The Irish Times

Low incomes and divorces drive arrears

- Charlie Taylor

These households have also taken on higher levels of non-mortgage debt

Households with long-term mortgage arrears are significan­tly more likely to have lower incomes, higher rates of divorce, more unemployme­nt and bigger loan burdens, according to new research.

The Central Bank study also shows that such borrowers typically have large stocks of non-mortgage debt, such as unpaid credit cards and motor loans.

The analysis, by Robert Kelly and Fergal McCann, seeks to understand why long-term mortgage arrears have remained stubbornly high in recent years .

It says unemployme­nt shocks, changes in mortgage affordabil­ity, the accumulati­on of non-mortgage debt, higher originatin­g loan-to-value ratios and weak housing equity positions have all played a part in contributi­ng to longterm arrears for some households.

According to the report, borrowers with long-term mortgage arrears typically face higher interest rates and are composed of what the authors call “vulnerable family types”, such as single borrowers with multiple children.

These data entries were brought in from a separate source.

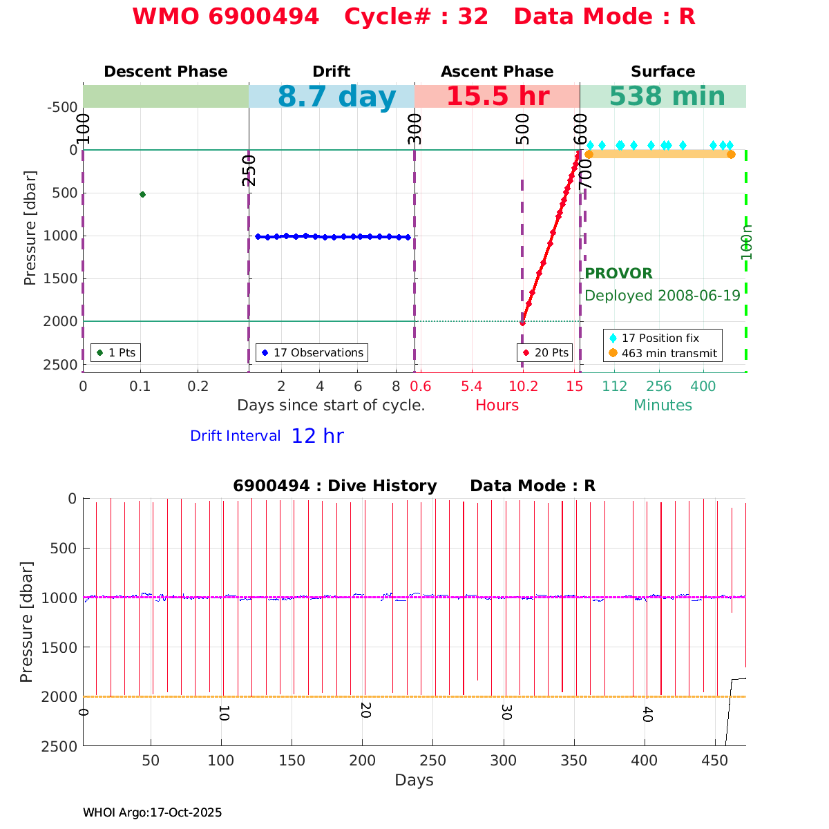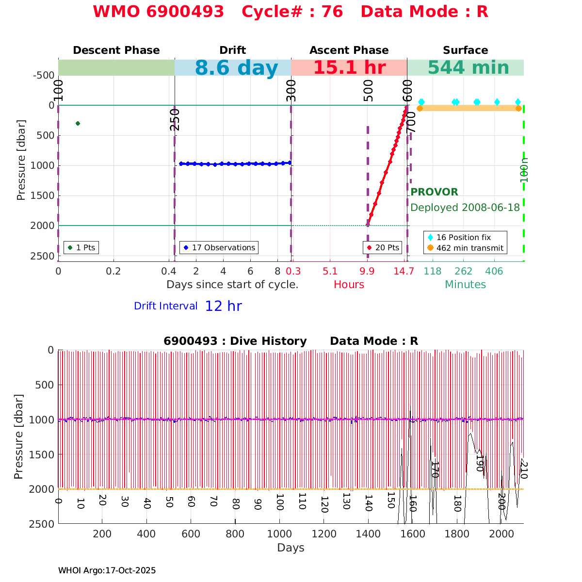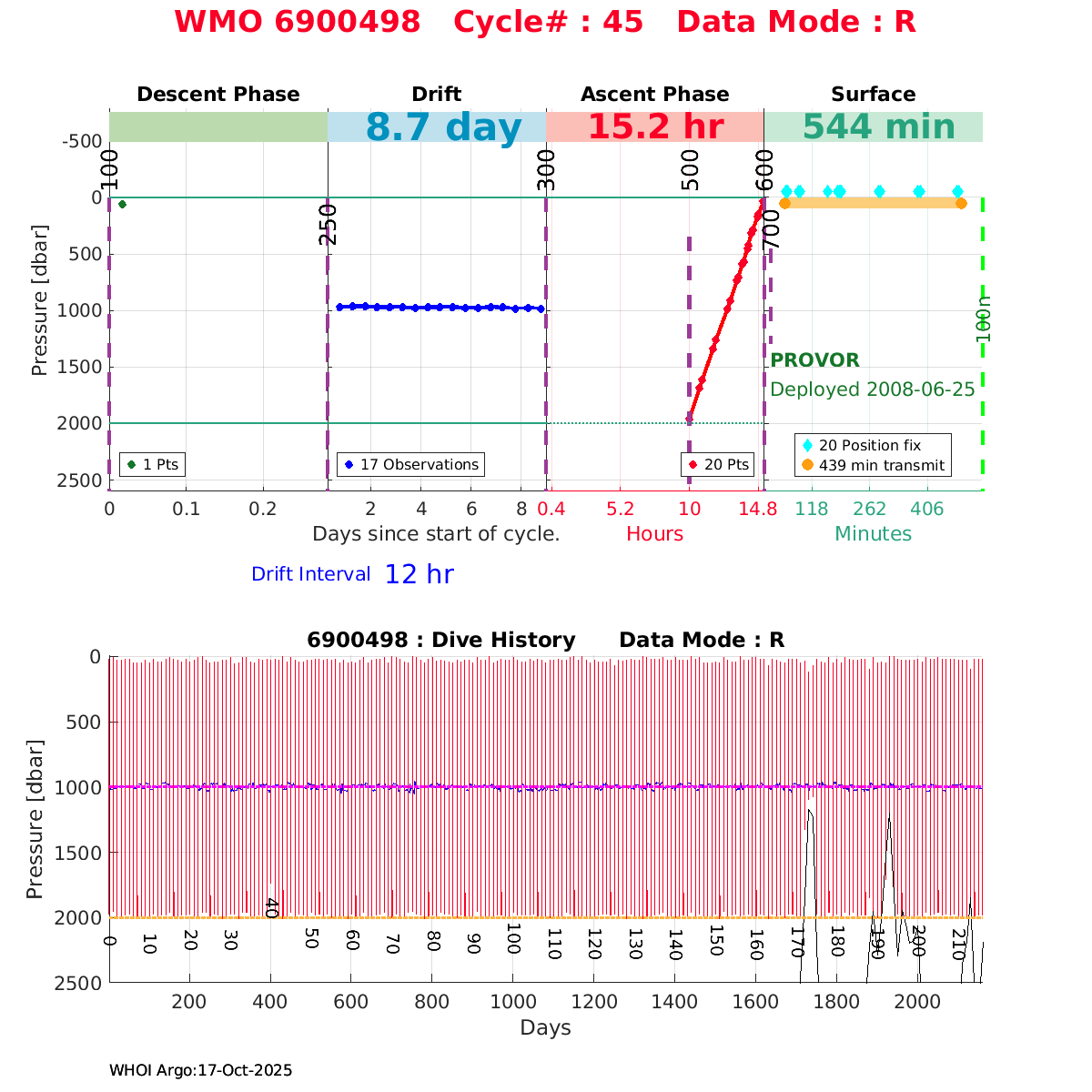 | WMO: #6900566 DAC: coriolis PI: Birgit KLEIN APEX: #4277 DRUCK_2900PSIA: #2724796 SBE41: #4267 Altimeter Comparison (IFREMER) EuroArgo Link | ![]() |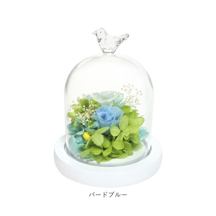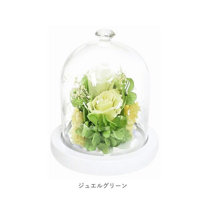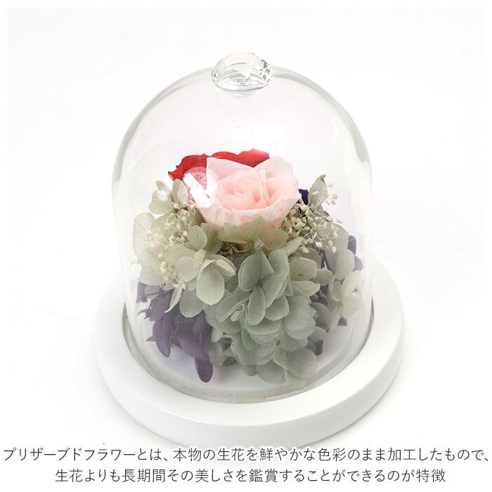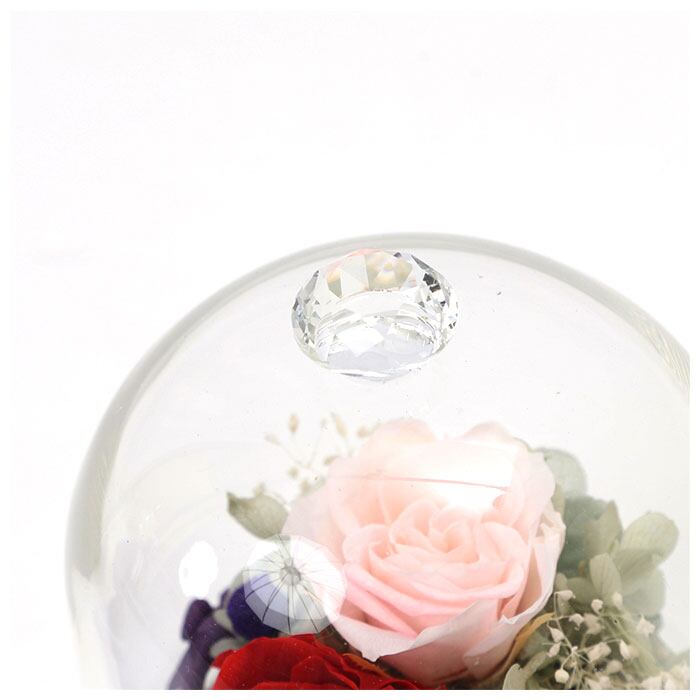 ・透明なガラスドームに覆われているので、お花がホコリで汚れてしまう心配がなく、水やりや水換えの必要がないのも嬉しいポイント。
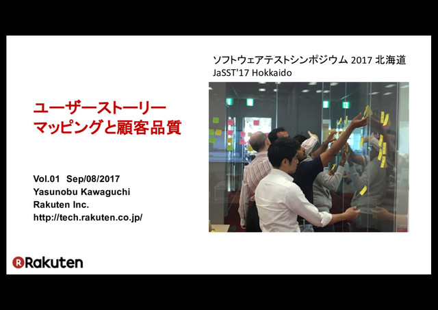 ユーザーストーリー マッピングと顧客品質 Vol.01 Sep/08/2017 Yasunobu Kawaguchi Rakuten Inc. http://tech.rakuten.co.jp/ ソフトウェアテストシンポジウム

“Households in long-term mortgage arrears are shown to have experience­d far more severe negative shocks during the crisis period, leading to much more onerous repayment burdens,” the study says.

“Further, these households have also taken on higher levels of non-mortgage debt and are experienci­ng weaker housing equity positions.”

The analysis shows that repayment rates are extremely low among those borrowers with long-term debts, with continued growth in arrears continuing last year of more than 69 per cent.

The authors conclude that lenders and policymake­rs must remain vigilant to ensure that cases of households experienci­ng difficulti­es making repayments are resolved early and rapidly.

In a related technical paper, Kelly and McCann write that a deeper understand­ing of the factors that drive mortgage default is needed.